§ Extracted records:
____

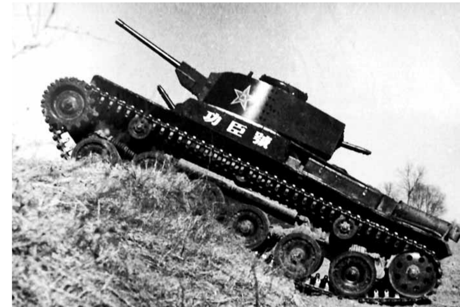
獨立戰功的「功臣號」坦克。
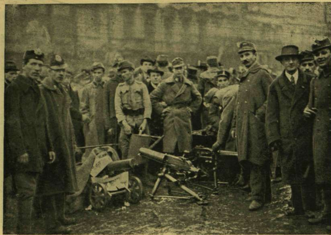
KATONA-ÖRSÉG GÉPFEGYVEREKSEL A KOSSUTH LAJOS-UTCZA TORKOLATÁNÁL.

— Kinek a palotája ez? — kérdezte, de senkit se látott, Volford is, Svidrony is eltűntek. egyedül állott egy óriási tereben és egy nagy fekete kandúr dörgölőzött a lábaihoz.
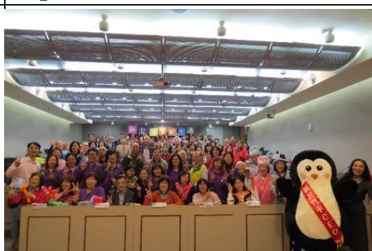
108.12.26 新北市 108 年度性別友善社區分享會
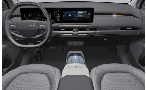
EARTH PLUS - sztenderd szürke 2tone vegán bőr üléskárpit - ELG (Blue díszbetéttel)
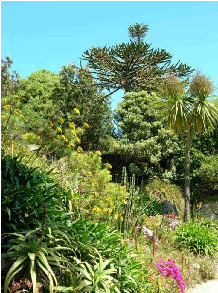
La végétation nous dépayse, nous ne sommes pas en Angleterre ! ce n'est pas possible...
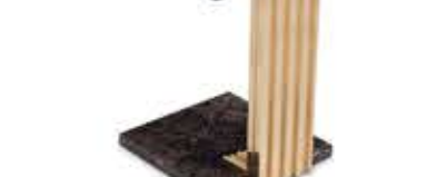
VERTIGO パーティゴ サイドテーブル

材質： 真鍮・ガラス・大理石 標準仕上げ： 真鍮（鏡面仕上げ） スモークガラス エンペラードールダークマーブル（大理石）
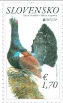
741) Tetrov hlucháň ( Tetrao urogallus )

7. 5. 2021 * EUROPA 2021: Tetrov hlucháň * príležitostná známka * N: K. Štanclová * OF Tiskárna Hradištko * PL: 8 ZP (A), TF: 6 PL; ZZ: 6 ZP (B), TF: 6 ZZ * papier FL (A), samolepiaci FL (B) * HZ 11 ¼ : 11 ¼ (A), výsek 9 ¾ : 9 ½ (B) * FDC N: K. Štanclová, R. F. Horniak, OTp Tiskárna Hradištko * náklad: A – 160 tis. (20 tis. PL), B – 30 tis. (5 tis. ZZ)

____

§ Prompt: Could you copy out every line in the material above that contains the string "hlucháň"?

§ Output below:
741) Tetrov hlucháň ( Tetrao urogallus )
7. 5. 2021 * EUROPA 2021: Tetrov hlucháň * príležitostná známka * N: K. Štanclová * OF Tiskárna Hradištko * PL: 8 ZP (A), TF: 6 PL; ZZ: 6 ZP (B), TF: 6 ZZ * papier FL (A), samolepiaci FL (B) * HZ 11 ¼ : 11 ¼ (A), výsek 9 ¾ : 9 ½ (B) * FDC N: K. Štanclová, R. F. Horniak, OTp Tiskárna Hradištko * náklad: A – 160 tis. (20 tis. PL), B – 30 tis. (5 tis. ZZ)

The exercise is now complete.